Pre-requisites: While not required, a solid working understanding of large language models (LLMs) would probably be useful. Feel free to refer to my article on transformers, a common form of language model, for more information:
You’ll also probably want to have an idea of what a gradient is. I also have an article on that:
If you don’t feel confident on either of these topics you can still get a lot from this article, but they exist if you get confused.
What, and Why, is Fine Tuning?
As the state of the art of machine learning has evolved, expectations of model performance have increased; requiring more complex machine learning approaches to match the demand for heightened performance. In the earlier days of machine learning it was feasible to build a model and train it in a single pass.
This is still a popular strategy for simple problems, but for more complex problems it can be useful to think of training as two parts; “pre-training” then “fine tuning”. The general idea is to do an initial training pass on a bulk dataset and to then refine the model on a tailored dataset.
This “pre-training” then “fine tuning” strategy can allow data scientists to leverage multiple forms of data and use large pre-trained models for specific tasks. As a result, pre-training then fine tuning is a common and incredibly powerful paradigm. It comes with a few difficulties, though, which we’ll discuss in the following section.
Difficulties with Fine Tuning
The most basic form of fine tuning is to use the same exact process you used to pre-train a model to then fine tune that model on new data. You might train a model on a huge corpus of general text data, for instance, then fine tune that model using the same training strategy on a more specific dataset.
This strategy can be expensive. LLMs are absolutely massive, to fine tune using this strategy you would need enough memory to store not only the entire model, but also gradients for every parameter in the entire model (gradients being the thing that lets the model know what direction to tweak its parameters). Both the parameters and the gradients need to live on a GPU, which is why training LLMs requires so much GPU memory.
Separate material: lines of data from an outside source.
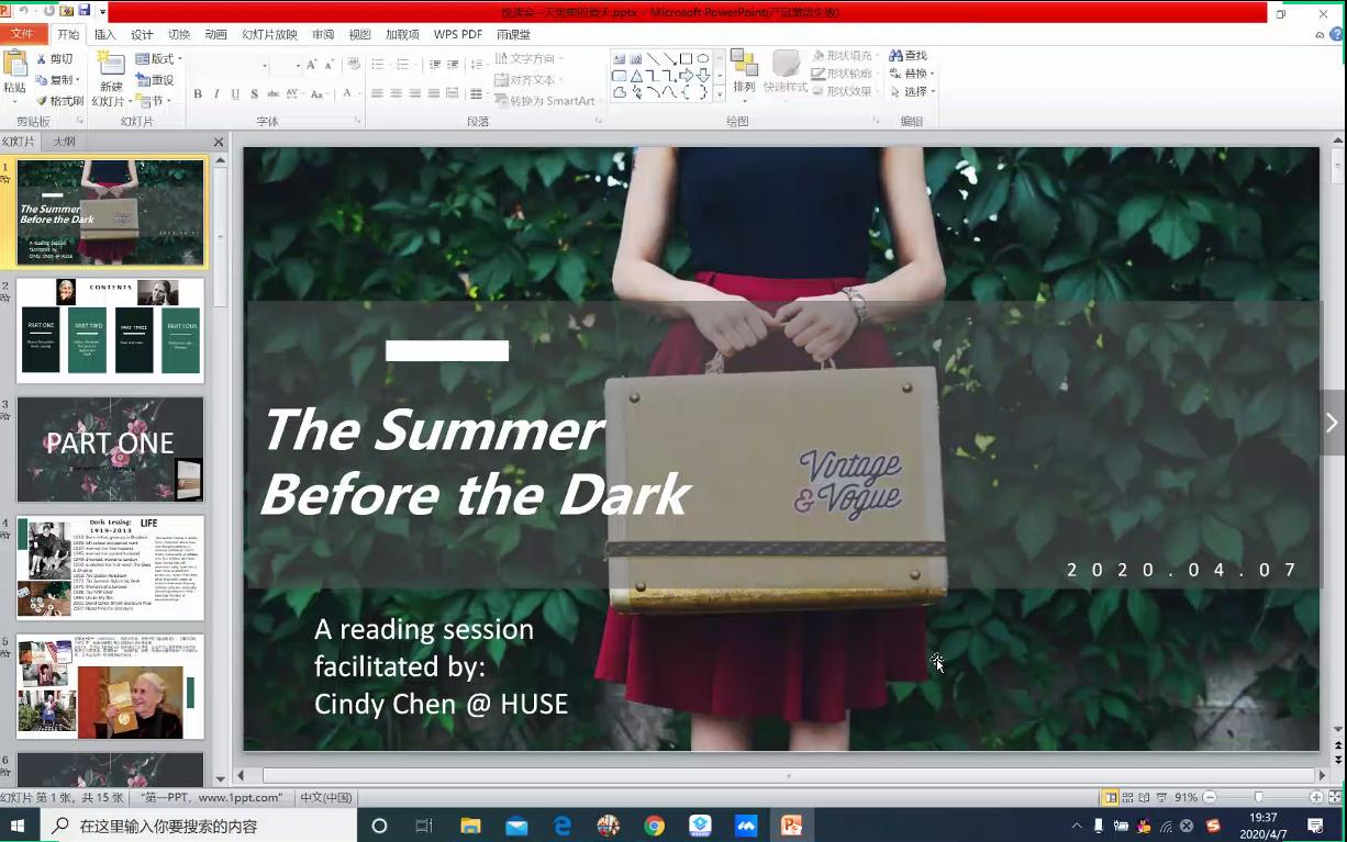 本网讯(通讯员 黄子幸 唐嘉琪)“齐心抗‘疫’,停课不停学”。4月7日晚外国语学院菁菁书院品牌活动“博雅悦读汇” 于线上顺利举行,200多名学生主动报名参加。本次应邀和大家一起悦读的嘉宾是外国语学院专任教师陈碧园副教授,她从教20余年,主讲科目有《英美国家概况》等。此次她分享的书目是多丽丝·莱辛的《The Summer Before the Dark》。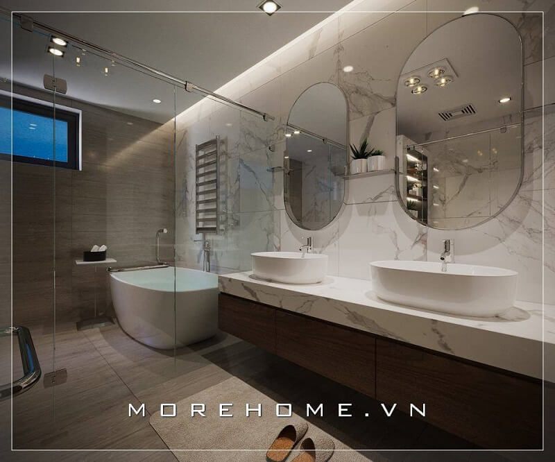 Trang trí phòng tắm chung cư với thiết bị vệ sinh hiện đại cùng gương trang trí,đá ốp tường, vách tắm kính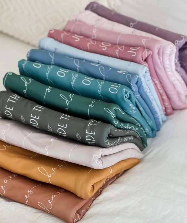 Personalised baby name swaddle blanket, $75 at Caden Lane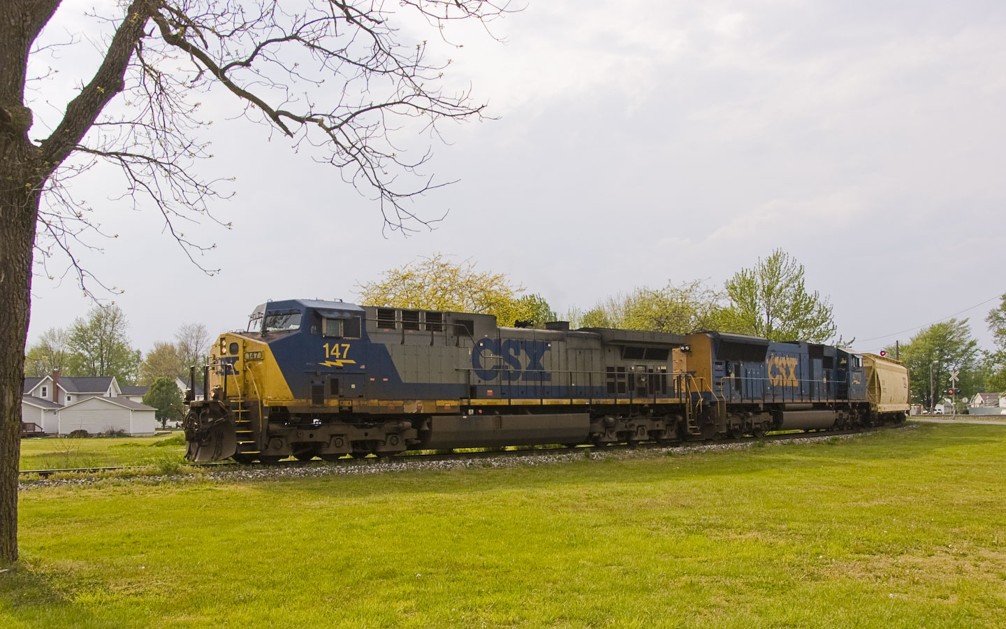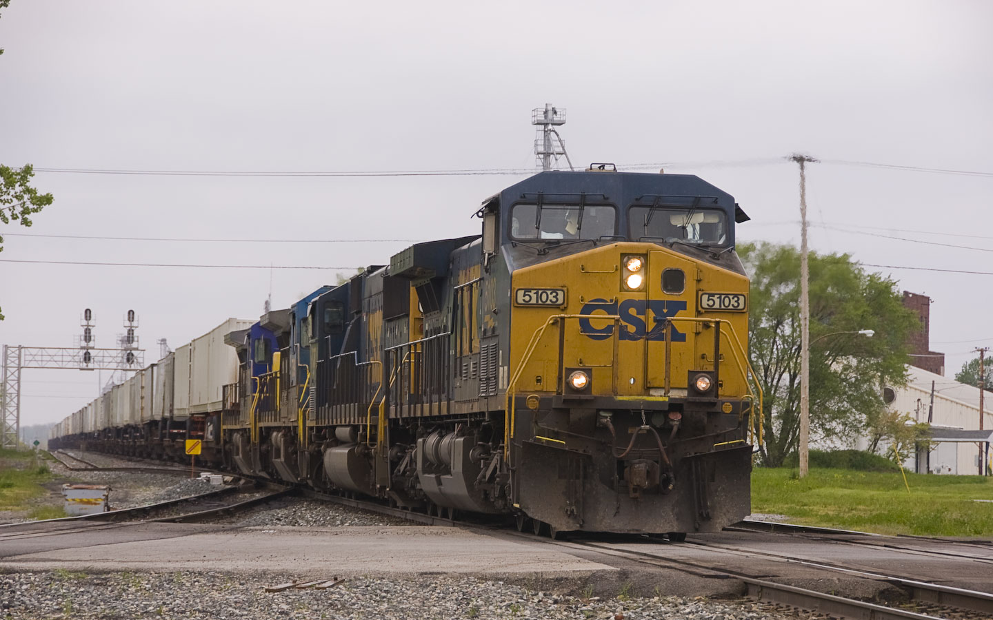 This CSX auto-rack train is coming around the Northwest connector under recently replaced signals and heading North toward Toledo. 10:32am |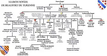 - Его дядя Климент VI приходился родным братом кардиналу Hugues Roger, кузеном (далее генеалогического древа нет) кардиналам Aymeric de Chalus; Gérard de la Garde; Guillaume d'Aigrefeuille, кузеном или дядей кардиналам Adhémar Robert; Pierre de Cros и его брату Jean de Cros, и их родичу псевдокардиналу, также носившему имя Pierre de Cros; Gilles Aycelin de Montaigu, дядей кардиналам Guy de Malsec; Guillaume d'Aigrefeuille и его брату псевдокардиналу Faydit d'Aigrefeuille; (далее родство прослеживается яснее) Bernard de la Tour (возможно, через брак своей племянницы Элизы, сестры Григория XI), племянником которого стал Jean de la Tour; дядей кардиналу Raymond de Canilhac (возможно, через сына своего брата Гийома III, получившего титул владетелей Канильяков). Сестра Климента Гильометта была матерью кардиналам Pierre de la Jugié и Guillaume de la Jugié, а его вторая сестра Альмоди родила кардинал Nicolas de Besse.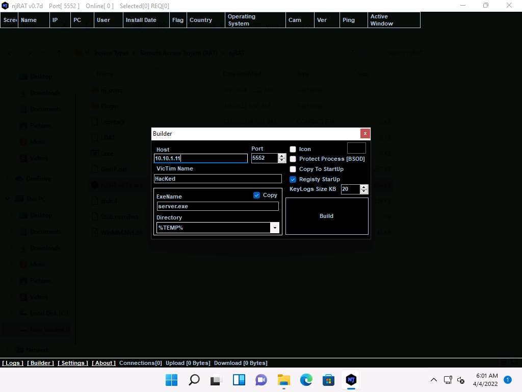 2022-04-04_14-30-07.jpg The Builder dialog-box appears; enter the IP address of the Windows 11 (attacker machine) machine in the Host field, check the option Registy StarUp, leave the other settings to default, and click Build.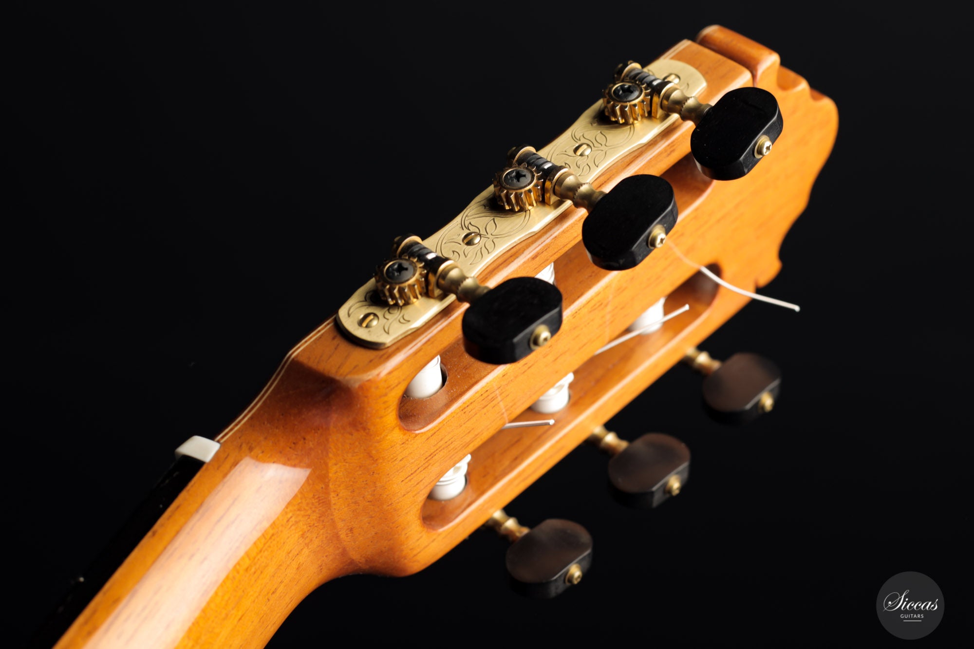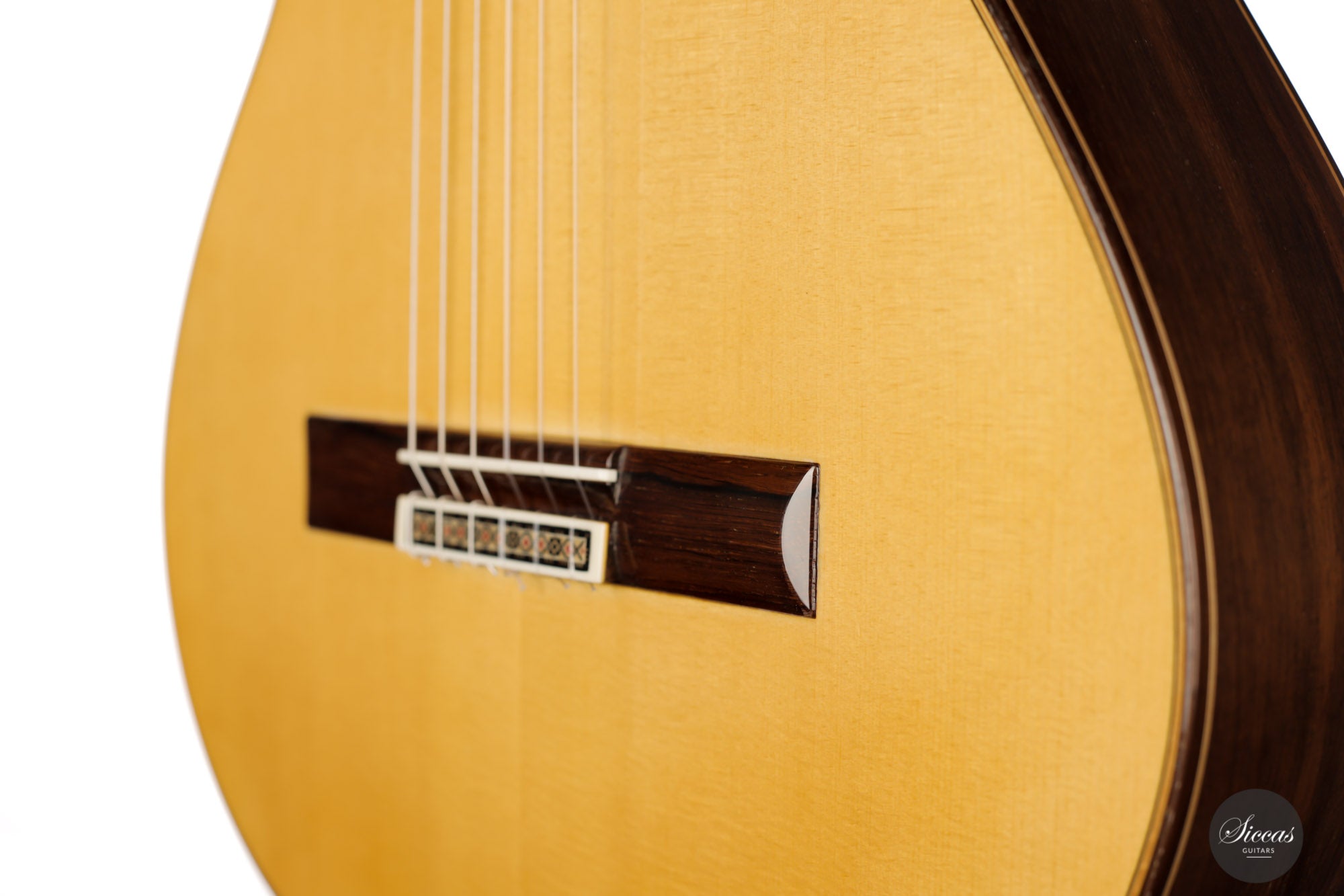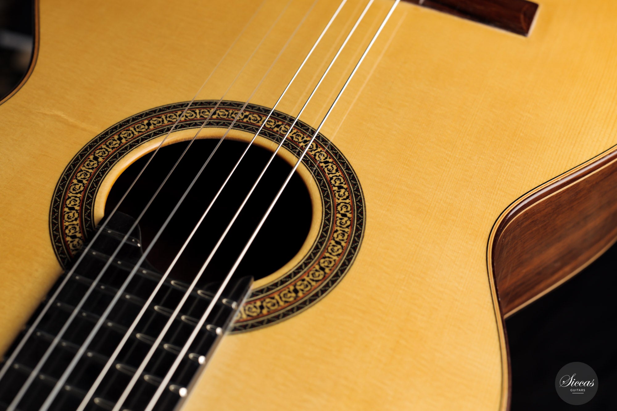 Die Decke dieser wunderschönen Gitarre ist aus feiner Fichte und Boden und Zargen aus Madagaskar-Palisander gefertigt, was ihr ein exotisches und edles Aussehen verleiht. Dank der exzellenten Ansprache bedarf es nur eines minimalen Aufwands in der rechten Hand, um maximale Projektion und Lautstärke zu erreichen. Die sehr komfortable 63-cm-Mensur bietet zudem eine hervorragende Bespielbarkeit und unterstützt den Gitarristen bei Streckungen und akrobatischen Fingersätzen. Der Klang dieser Gitarre ist sowohl sehr spontan und spielfreudig als auch äußerst warm und sanglich. Die Höhen haben eine ausgeprägte Personalität und einen abgerundeten, spanischen Klang. Die Bässe besitzen eine schöne Tiefe und bieten einen großen Raum für kraftvolle und samtige Mitten. Dank ihrer kürzeren Mensur ist sie außerdem ausgesprochen gut spielbar und insgesamt sowohl für den Gitarristen wie auch für das Publikum ein echter Hörgenuss.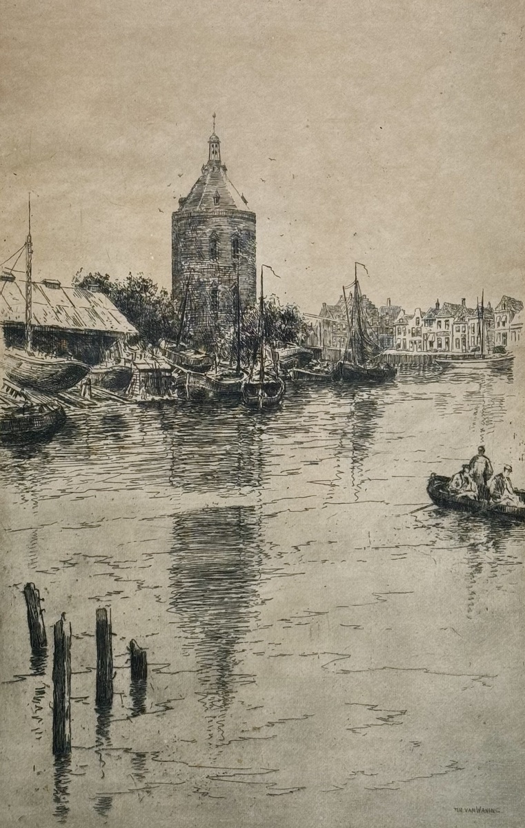 Ets van de haven van Enkhuizen met de Drommedaris door Martin van Waning (1889-1972). Rechtsonder in de ets met potlood gesigneerd, eerste helft 20e eeuw.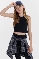 Топ для девочек прилегающего силуэта. Горловина круглая. Проймы и горловина окантованы бейкой из основного полотна. Низ изделия обработан швом в подгибку.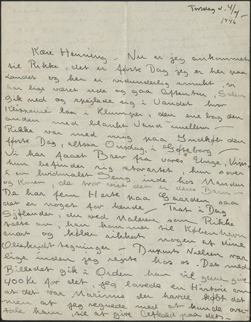 Kære Henning, Nu er jeg ankommet til Rikke, det er første Dag jeg er her paa Landet og her er vid-underlig smukt, vi har lige været ude og gaa Aftentur, Solen gik ned og spejlede sig i Vandet hvor Klipperne laa i Klumper, den ene bag den anden med blankt Vand imellem / Rikke var med mig paa Indkøb den første Dag, altsaa Onsdag i Gøteborg /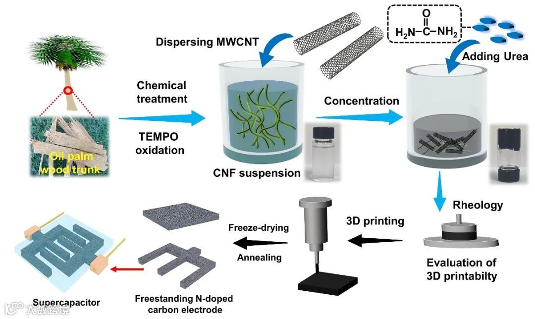 图1. CNF/MWCNT/Urea凝胶墨水的配制及其3D打印氮掺杂碳架构用于构建超级电容器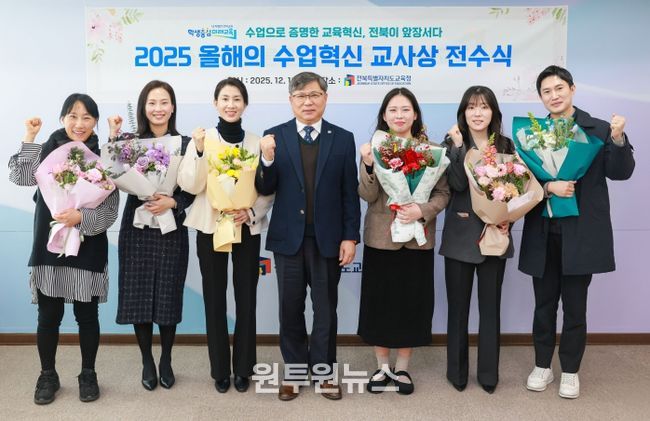 전북특별자치도교육청은 교육부가 주최한 ‘2025. 올해의 수업 혁신 교사상’에서 도내 초등교사 3명, 중등교사 4명이 수상의 영예를 안았다고 18일 밝혔다.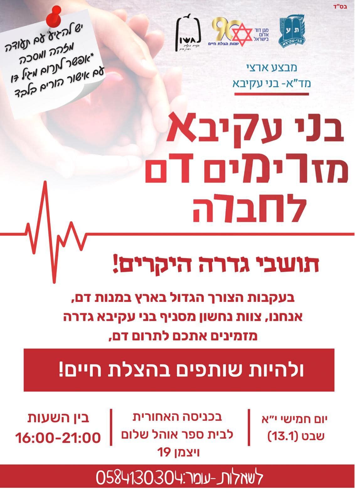 חניכי בני עקיבא בגדרה יקיימו ביום חמישי 13.1 מבצע התרמת דם בבית הספר אוהל שלום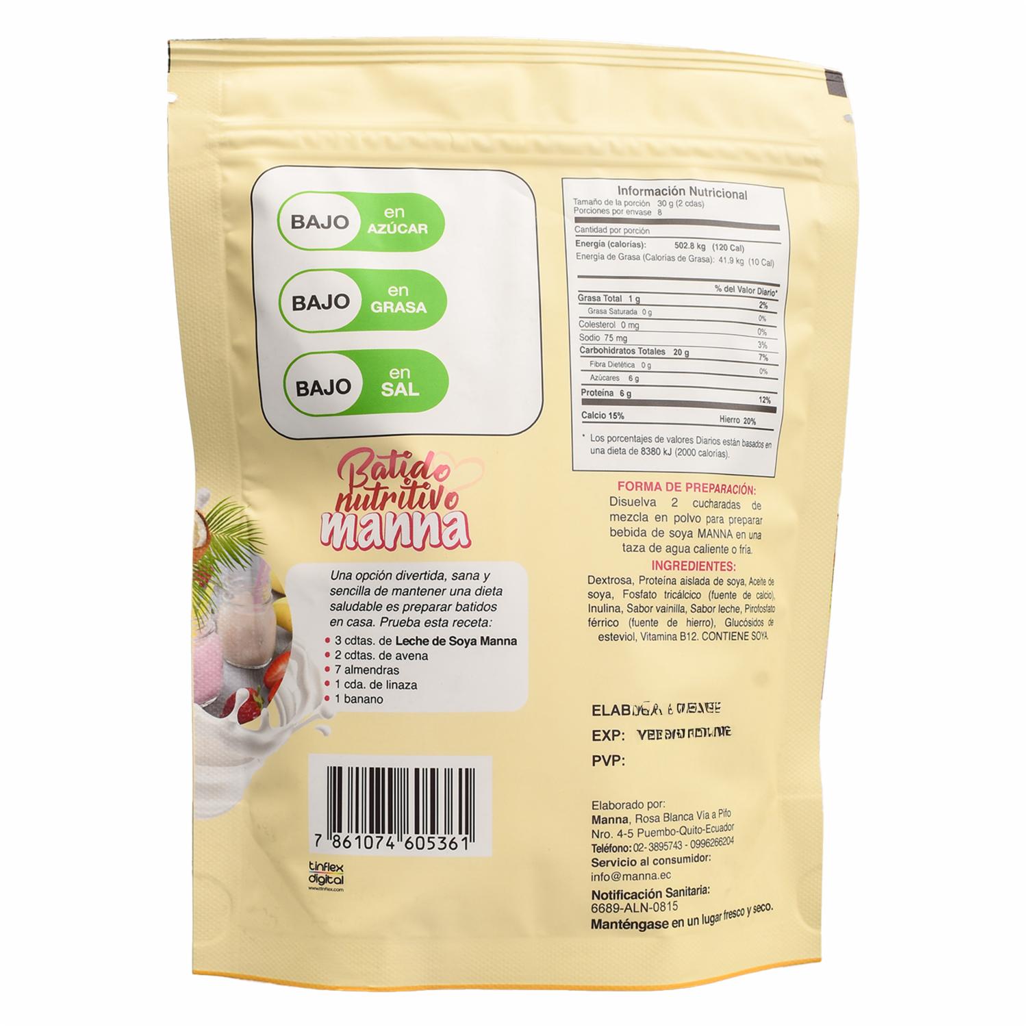 Bebida De Soya En Polvo Sabor A Vainilla MANNA 250 G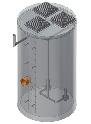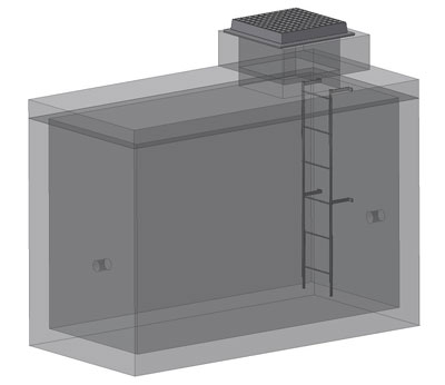 <p>Železobetónová nádrž sa využíva ako šachta, do ktorej je možné zabudovať rôzne technologické vystrojenia, ako sú ventily, meradlá na prietok vody, AT stanice a podobne. Šachta môže byť doplnená vstupným rebríkom alebo poplastovanými stúpadlami podľa požiadavky odberateľa.</p>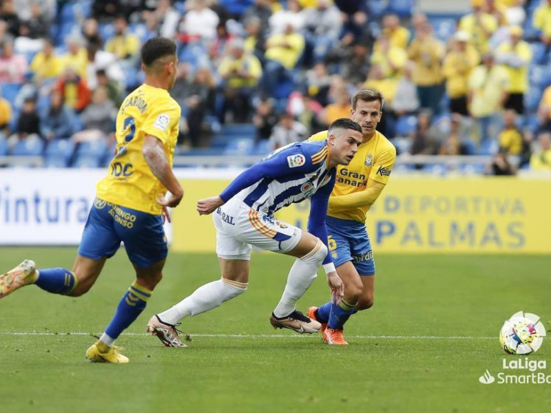 Las Palmas tampoco imprimió la velocidad de balón adecuada para aprovechar la debilidad visitante y no dispuso de más ocasiones en un primer tiempo en el que solo tuvo que volver a intervenir Valles para despejar un centro-chut de Naim en el minuto 36.

On top of the issue of storing gradients, it’s common to save “checkpoints”, which are copies of the model at a particular state throughout the training process. This is a great strategy, allowing one to experiment with the model at different phases of the fine-tuning process, but it means we need to store numerous full-size copies of the model. Falcon 180B, a popular modern LLM, requires around 360GB in storage. If we wanted to store a checkpoint of the model ten times throughout the fine-tuning process it would consume 3.6 terabytes of storage, which is a lot. Perhaps even more importantly, it takes time to save such a large amount of data. The data typically has to come off the GPU, into RAM, then onto storage; potentially adding significant delay to the fine-tuning process.
LoRA can help us deal with these issues and more. Less GPU Memory usage, smaller file sizes, faster fine-tuning times, the list goes on and on. In a practical sense one can generally consider LoRA a direct upgrade of the traditional style of fine-tuning. We’ll cover exactly how LoRA works and how it can achieve such a remarkable improvements in the following sections.
LoRA in a Nutshell
“Low-Rank Adaptation” (LoRA) is a form of “parameter efficient fine tuning” (PEFT), which allows one to fine tune a large model using a small number of learnable parameters. LoRA employs a few concepts which, when used together, massively improve fine tuning:
We can think of fine tuning as learning changes to parameters, instead of adjusting parameters themselves.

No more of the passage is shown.